> **Task to carry out**
All of the entries need to be set down exactly as they read.
___ Input records
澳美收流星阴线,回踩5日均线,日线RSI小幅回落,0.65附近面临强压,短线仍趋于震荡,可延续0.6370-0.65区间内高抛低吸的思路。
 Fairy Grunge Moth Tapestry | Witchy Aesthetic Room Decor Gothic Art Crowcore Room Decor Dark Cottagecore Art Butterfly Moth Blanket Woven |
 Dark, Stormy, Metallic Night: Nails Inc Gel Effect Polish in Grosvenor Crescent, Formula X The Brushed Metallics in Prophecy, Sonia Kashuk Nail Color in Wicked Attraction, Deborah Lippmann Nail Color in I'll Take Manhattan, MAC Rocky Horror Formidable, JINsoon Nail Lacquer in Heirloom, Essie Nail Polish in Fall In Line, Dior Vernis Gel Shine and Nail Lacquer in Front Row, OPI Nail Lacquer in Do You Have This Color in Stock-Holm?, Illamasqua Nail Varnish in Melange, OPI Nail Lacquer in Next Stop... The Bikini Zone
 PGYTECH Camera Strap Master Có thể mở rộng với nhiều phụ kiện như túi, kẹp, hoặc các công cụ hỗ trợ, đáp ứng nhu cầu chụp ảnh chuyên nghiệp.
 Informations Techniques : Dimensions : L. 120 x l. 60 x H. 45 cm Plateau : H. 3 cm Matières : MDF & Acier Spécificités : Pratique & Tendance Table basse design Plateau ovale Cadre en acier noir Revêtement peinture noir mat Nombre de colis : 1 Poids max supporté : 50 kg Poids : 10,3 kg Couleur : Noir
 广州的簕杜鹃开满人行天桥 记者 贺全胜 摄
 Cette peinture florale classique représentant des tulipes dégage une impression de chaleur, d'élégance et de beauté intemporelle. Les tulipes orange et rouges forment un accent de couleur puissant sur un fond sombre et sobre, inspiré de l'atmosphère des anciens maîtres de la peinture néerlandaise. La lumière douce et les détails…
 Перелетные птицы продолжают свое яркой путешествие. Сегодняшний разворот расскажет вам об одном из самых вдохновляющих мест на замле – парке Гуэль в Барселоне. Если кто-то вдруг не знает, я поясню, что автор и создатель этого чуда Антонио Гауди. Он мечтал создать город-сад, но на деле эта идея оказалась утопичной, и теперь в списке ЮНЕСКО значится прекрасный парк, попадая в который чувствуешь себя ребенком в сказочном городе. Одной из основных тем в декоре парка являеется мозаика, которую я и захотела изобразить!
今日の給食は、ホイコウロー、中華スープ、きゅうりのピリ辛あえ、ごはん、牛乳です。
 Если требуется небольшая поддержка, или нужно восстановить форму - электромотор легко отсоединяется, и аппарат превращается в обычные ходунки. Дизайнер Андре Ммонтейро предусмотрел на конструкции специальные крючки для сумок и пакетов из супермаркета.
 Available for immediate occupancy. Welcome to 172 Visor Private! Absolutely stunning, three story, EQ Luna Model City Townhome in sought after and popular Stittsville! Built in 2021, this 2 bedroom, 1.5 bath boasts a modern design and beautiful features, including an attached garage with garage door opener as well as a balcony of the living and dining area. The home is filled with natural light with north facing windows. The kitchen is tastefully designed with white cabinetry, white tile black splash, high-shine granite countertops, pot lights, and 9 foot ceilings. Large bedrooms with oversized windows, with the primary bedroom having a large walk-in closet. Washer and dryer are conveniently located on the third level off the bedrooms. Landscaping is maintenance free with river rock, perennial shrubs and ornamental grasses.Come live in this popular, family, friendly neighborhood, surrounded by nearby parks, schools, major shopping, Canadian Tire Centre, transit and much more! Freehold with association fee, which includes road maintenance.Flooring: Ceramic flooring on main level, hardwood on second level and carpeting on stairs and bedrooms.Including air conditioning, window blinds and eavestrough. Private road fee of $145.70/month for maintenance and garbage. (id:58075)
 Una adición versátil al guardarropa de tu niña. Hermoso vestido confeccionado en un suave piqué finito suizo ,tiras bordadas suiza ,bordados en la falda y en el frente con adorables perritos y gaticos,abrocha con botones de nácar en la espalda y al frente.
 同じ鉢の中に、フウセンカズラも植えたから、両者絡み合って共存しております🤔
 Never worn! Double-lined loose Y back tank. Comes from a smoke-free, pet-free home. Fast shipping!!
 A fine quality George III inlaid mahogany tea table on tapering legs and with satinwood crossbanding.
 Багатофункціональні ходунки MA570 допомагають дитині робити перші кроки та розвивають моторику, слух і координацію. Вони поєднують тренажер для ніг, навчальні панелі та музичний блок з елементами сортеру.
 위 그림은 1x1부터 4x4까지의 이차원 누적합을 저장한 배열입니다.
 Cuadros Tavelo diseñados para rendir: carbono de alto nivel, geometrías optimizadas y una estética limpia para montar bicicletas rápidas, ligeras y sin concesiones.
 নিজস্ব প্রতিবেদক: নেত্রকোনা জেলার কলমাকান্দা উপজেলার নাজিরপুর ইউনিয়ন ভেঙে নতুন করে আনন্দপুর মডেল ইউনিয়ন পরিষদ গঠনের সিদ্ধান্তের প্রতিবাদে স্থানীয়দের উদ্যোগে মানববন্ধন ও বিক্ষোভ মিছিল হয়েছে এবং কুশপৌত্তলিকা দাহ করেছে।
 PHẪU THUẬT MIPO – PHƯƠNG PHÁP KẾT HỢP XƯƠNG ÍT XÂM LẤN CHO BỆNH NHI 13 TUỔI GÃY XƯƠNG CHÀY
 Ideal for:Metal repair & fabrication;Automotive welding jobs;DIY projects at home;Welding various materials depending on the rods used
______
> **Output**
澳美收流星阴线,回踩5日均线,日线RSI小幅回落,0.65附近面临强压,短线仍趋于震荡,可延续0.6370-0.65区间内高抛低吸的思路。
 Fairy Grunge Moth Tapestry | Witchy Aesthetic Room Decor Gothic Art Crowcore Room Decor Dark Cottagecore Art Butterfly Moth Blanket Woven |
 Dark, Stormy, Metallic Night: Nails Inc Gel Effect Polish in Grosvenor Crescent, Formula X The Brushed Metallics in Prophecy, Sonia Kashuk Nail Color in Wicked Attraction, Deborah Lippmann Nail Color in I'll Take Manhattan, MAC Rocky Horror Formidable, JINsoon Nail Lacquer in Heirloom, Essie Nail Polish in Fall In Line, Dior Vernis Gel Shine and Nail Lacquer in Front Row, OPI Nail Lacquer in Do You Have This Color in Stock-Holm?, Illamasqua Nail Varnish in Melange, OPI Nail Lacquer in Next Stop... The Bikini Zone
 PGYTECH Camera Strap Master Có thể mở rộng với nhiều phụ kiện như túi, kẹp, hoặc các công cụ hỗ trợ, đáp ứng nhu cầu chụp ảnh chuyên nghiệp.
 Informations Techniques : Dimensions : L. 120 x l. 60 x H. 45 cm Plateau : H. 3 cm Matières : MDF & Acier Spécificités : Pratique & Tendance Table basse design Plateau ovale Cadre en acier noir Revêtement peinture noir mat Nombre de colis : 1 Poids max supporté : 50 kg Poids : 10,3 kg Couleur : Noir
 广州的簕杜鹃开满人行天桥 记者 贺全胜 摄
 Cette peinture florale classique représentant des tulipes dégage une impression de chaleur, d'élégance et de beauté intemporelle. Les tulipes orange et rouges forment un accent de couleur puissant sur un fond sombre et sobre, inspiré de l'atmosphère des anciens maîtres de la peinture néerlandaise. La lumière douce et les détails…
 Перелетные птицы продолжают свое яркой путешествие. Сегодняшний разворот расскажет вам об одном из самых вдохновляющих мест на замле – парке Гуэль в Барселоне. Если кто-то вдруг не знает, я поясню, что автор и создатель этого чуда Антонио Гауди. Он мечтал создать город-сад, но на деле эта идея оказалась утопичной, и теперь в списке ЮНЕСКО значится прекрасный парк, попадая в который чувствуешь себя ребенком в сказочном городе. Одной из основных тем в декоре парка являеется мозаика, которую я и захотела изобразить!
今日の給食は、ホイコウロー、中華スープ、きゅうりのピリ辛あえ、ごはん、牛乳です。
 Если требуется небольшая поддержка, или нужно восстановить форму - электромотор легко отсоединяется, и аппарат превращается в обычные ходунки. Дизайнер Андре Ммонтейро предусмотрел на конструкции специальные крючки для сумок и пакетов из супермаркета.
 Available for immediate occupancy. Welcome to 172 Visor Private! Absolutely stunning, three story, EQ Luna Model City Townhome in sought after and popular Stittsville! Built in 2021, this 2 bedroom, 1.5 bath boasts a modern design and beautiful features, including an attached garage with garage door opener as well as a balcony of the living and dining area. The home is filled with natural light with north facing windows. The kitchen is tastefully designed with white cabinetry, white tile black splash, high-shine granite countertops, pot lights, and 9 foot ceilings. Large bedrooms with oversized windows, with the primary bedroom having a large walk-in closet. Washer and dryer are conveniently located on the third level off the bedrooms. Landscaping is maintenance free with river rock, perennial shrubs and ornamental grasses.Come live in this popular, family, friendly neighborhood, surrounded by nearby parks, schools, major shopping, Canadian Tire Centre, transit and much more! Freehold with association fee, which includes road maintenance.Flooring: Ceramic flooring on main level, hardwood on second level and carpeting on stairs and bedrooms.Including air conditioning, window blinds and eavestrough. Private road fee of $145.70/month for maintenance and garbage. (id:58075)
 Una adición versátil al guardarropa de tu niña. Hermoso vestido confeccionado en un suave piqué finito suizo ,tiras bordadas suiza ,bordados en la falda y en el frente con adorables perritos y gaticos,abrocha con botones de nácar en la espalda y al frente.
 同じ鉢の中に、フウセンカズラも植えたから、両者絡み合って共存しております🤔
 Never worn! Double-lined loose Y back tank. Comes from a smoke-free, pet-free home. Fast shipping!!
 A fine quality George III inlaid mahogany tea table on tapering legs and with satinwood crossbanding.
 Багатофункціональні ходунки MA570 допомагають дитині робити перші кроки та розвивають моторику, слух і координацію. Вони поєднують тренажер для ніг, навчальні панелі та музичний блок з елементами сортеру.
 위 그림은 1x1부터 4x4까지의 이차원 누적합을 저장한 배열입니다.
 Cuadros Tavelo diseñados para rendir: carbono de alto nivel, geometrías optimizadas y una estética limpia para montar bicicletas rápidas, ligeras y sin concesiones.
 নিজস্ব প্রতিবেদক: নেত্রকোনা জেলার কলমাকান্দা উপজেলার নাজিরপুর ইউনিয়ন ভেঙে নতুন করে আনন্দপুর মডেল ইউনিয়ন পরিষদ গঠনের সিদ্ধান্তের প্রতিবাদে স্থানীয়দের উদ্যোগে মানববন্ধন ও বিক্ষোভ মিছিল হয়েছে এবং কুশপৌত্তলিকা দাহ করেছে।
 PHẪU THUẬT MIPO – PHƯƠNG PHÁP KẾT HỢP XƯƠNG ÍT XÂM LẤN CHO BỆNH NHI 13 TUỔI GÃY XƯƠNG CHÀY
 Ideal for:Metal repair & fabrication;Automotive welding jobs;DIY projects at home;Welding various materials depending on the rods used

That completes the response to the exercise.